• Your objective: Only the lines below from the one containing "3-tlg. Garten-Essgruppe mit" through the one containing "历史上委内瑞拉甲醇主要向美国" belong in the answer, repeated exactly and without pictures.

• The data:
::::

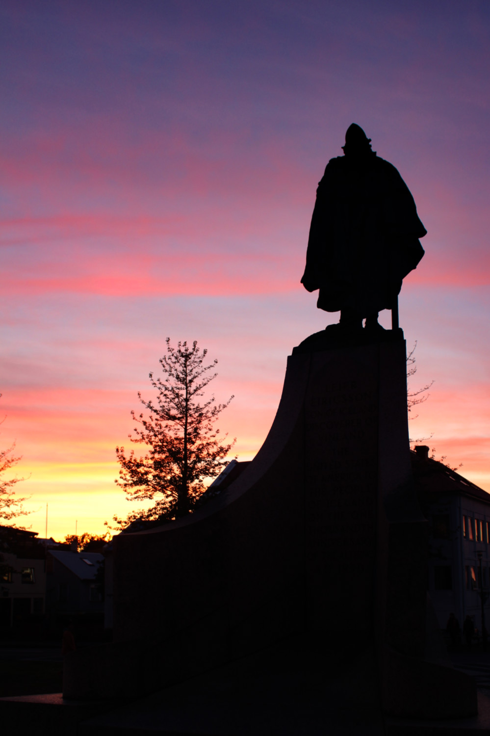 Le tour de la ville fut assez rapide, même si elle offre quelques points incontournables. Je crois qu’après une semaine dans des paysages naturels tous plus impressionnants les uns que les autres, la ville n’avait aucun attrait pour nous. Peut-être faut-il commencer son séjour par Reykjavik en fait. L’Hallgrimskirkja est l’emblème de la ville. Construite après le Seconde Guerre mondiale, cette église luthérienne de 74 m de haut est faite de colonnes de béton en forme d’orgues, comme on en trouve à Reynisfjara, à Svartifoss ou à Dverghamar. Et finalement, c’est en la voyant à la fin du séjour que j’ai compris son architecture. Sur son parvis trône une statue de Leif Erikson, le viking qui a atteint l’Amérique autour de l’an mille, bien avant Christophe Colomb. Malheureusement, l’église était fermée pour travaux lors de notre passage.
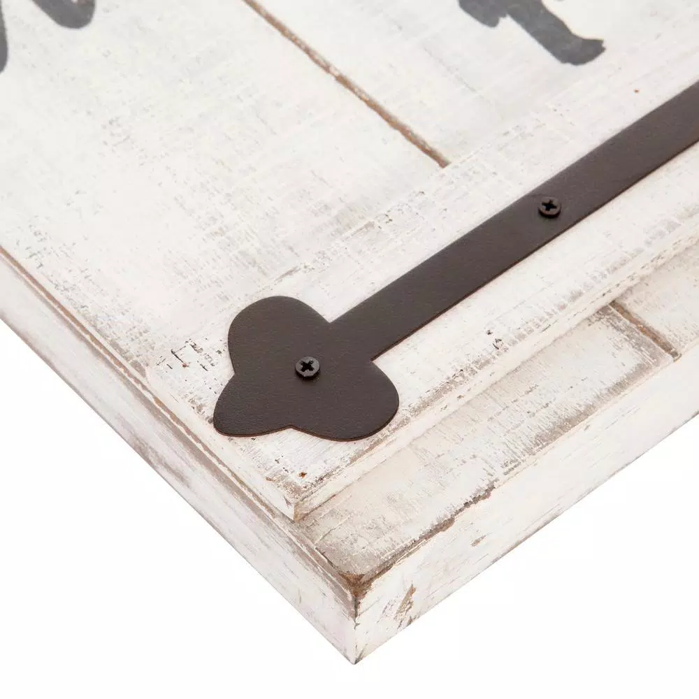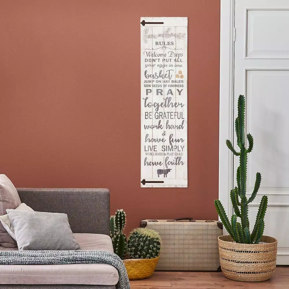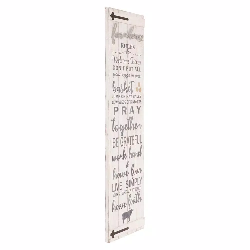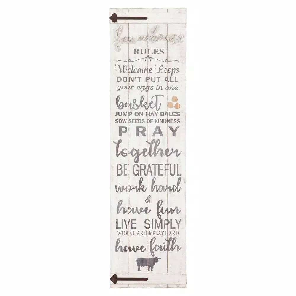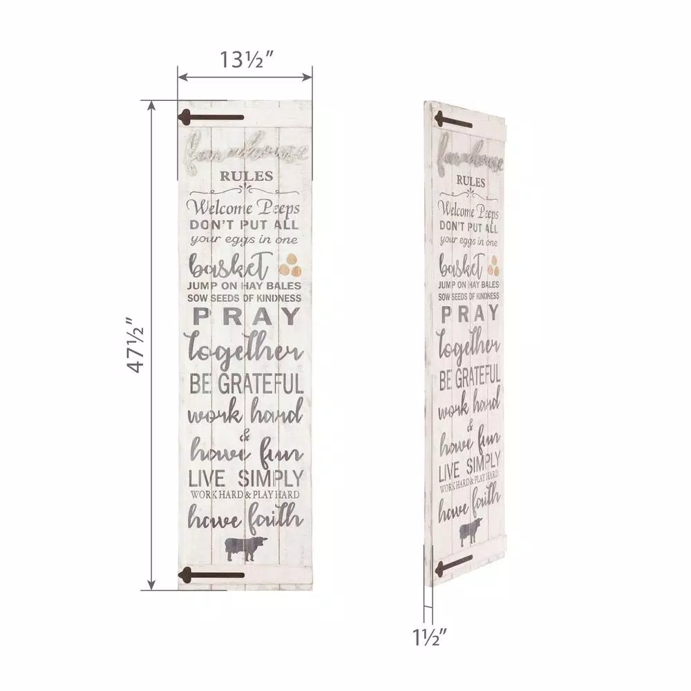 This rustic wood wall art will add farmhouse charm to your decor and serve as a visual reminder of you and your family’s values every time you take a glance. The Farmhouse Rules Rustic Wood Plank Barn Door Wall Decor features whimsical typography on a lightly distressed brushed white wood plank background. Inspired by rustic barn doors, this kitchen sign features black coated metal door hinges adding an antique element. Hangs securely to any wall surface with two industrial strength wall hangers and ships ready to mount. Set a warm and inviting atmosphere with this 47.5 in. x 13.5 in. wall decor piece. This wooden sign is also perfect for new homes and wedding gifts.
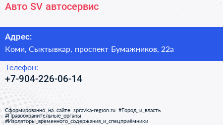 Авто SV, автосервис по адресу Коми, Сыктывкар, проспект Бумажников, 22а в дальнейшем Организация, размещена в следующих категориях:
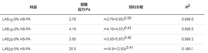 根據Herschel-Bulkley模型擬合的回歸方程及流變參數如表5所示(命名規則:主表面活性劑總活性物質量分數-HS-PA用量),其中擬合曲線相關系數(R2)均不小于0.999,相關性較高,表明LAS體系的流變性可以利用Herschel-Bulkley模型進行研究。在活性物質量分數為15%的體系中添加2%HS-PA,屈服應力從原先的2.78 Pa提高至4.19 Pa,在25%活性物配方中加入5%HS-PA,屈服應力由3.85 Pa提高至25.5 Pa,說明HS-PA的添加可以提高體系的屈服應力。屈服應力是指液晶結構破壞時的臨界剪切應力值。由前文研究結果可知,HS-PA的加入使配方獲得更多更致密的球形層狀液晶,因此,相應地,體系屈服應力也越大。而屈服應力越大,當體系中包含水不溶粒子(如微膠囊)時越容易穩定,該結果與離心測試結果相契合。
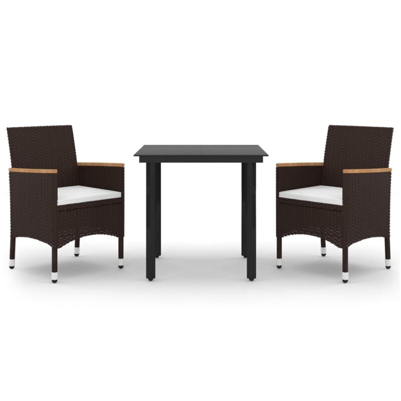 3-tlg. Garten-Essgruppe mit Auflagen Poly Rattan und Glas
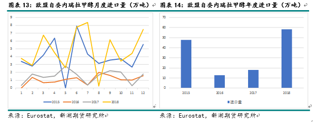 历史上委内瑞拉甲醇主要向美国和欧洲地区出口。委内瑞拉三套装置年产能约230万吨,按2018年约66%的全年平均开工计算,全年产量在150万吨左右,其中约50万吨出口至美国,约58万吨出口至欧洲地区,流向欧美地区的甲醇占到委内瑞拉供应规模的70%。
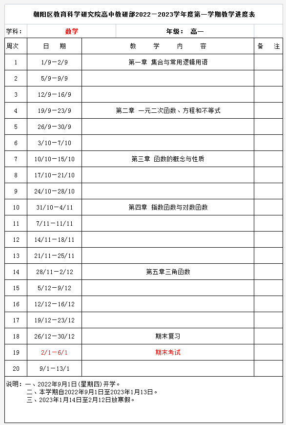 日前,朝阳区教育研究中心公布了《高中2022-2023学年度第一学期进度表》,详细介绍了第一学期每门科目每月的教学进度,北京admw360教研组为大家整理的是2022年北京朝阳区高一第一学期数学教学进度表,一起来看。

::::

• Result of the exercise:
 3-tlg. Garten-Essgruppe mit Auflagen Poly Rattan und Glas
 历史上委内瑞拉甲醇主要向美国和欧洲地区出口。委内瑞拉三套装置年产能约230万吨,按2018年约66%的全年平均开工计算,全年产量在150万吨左右,其中约50万吨出口至美国,约58万吨出口至欧洲地区,流向欧美地区的甲醇占到委内瑞拉供应规模的70%。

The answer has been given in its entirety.